Poi c’è l’interessante questione della Epic/Sony. All’uscita di 1916 Lemmy era davvero ottimista sul contratto con la grossa etichetta. Beppe Riva su Metal Shock parlò di un contratto di sei album!!! (lascio anche i punti escalmativi). Lem se non altro prevedeva un salto di qualità, dopo anni di stenti e sodomie contrattuali, ma si sbagliava.
Solo un anno dopo, March Or Die, nonostante resti ancora oggi un ottimo lavoro, con ospiti di prestigio come Ozzy e Slash, nonostante i grandi sforzi compiuti dal gruppo (un videoclip autoprodotto e l’inserimento privato di I Ain’t No Nice Guy nelle radio americane) non viene promosso minimamente dall’etichetta e le vendite inevitabilmente sono basse.

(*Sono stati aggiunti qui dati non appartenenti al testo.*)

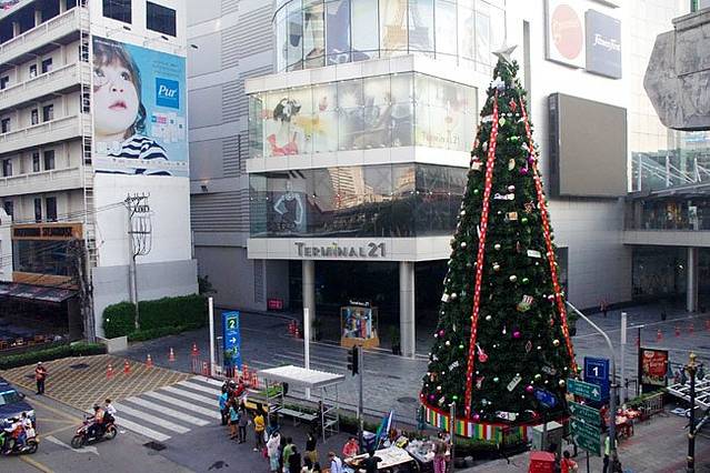 不一会,便到了Siam的Paragon商场,其实就和国内的商场一样,没啥特别之处,我们什么也没买。但是门口的圣诞树却吸引我拍照了。从没遇到过热热的圣诞节,我脑海中的圣诞都应该是白雪皑皑的。

Il riscontro deludente determina da contratto lo scioglimento dello stesso.
Beh, oggi si sa che la Epic/Sony nel 1992 voleva proprio levarsi da torno i Motörhead e decine di altri utili idioti della vecchia guardia metallara in crisi nera. Per motivi di magheggi fiscali, l’etichetta aveva scritturato nel 1990, con contratti offerti al volo e false promesse di rinascita, diversi nomi storici senza speranza. La tristezza è che i Motörhead in quel transito economico da squali dell’economia, erano rinati per davvero e avevano creduto alle puttanate della Sony.
Pensate anche a questa merda quando rimpiangete il vecchio sistema discografico ucciso dal filesharing.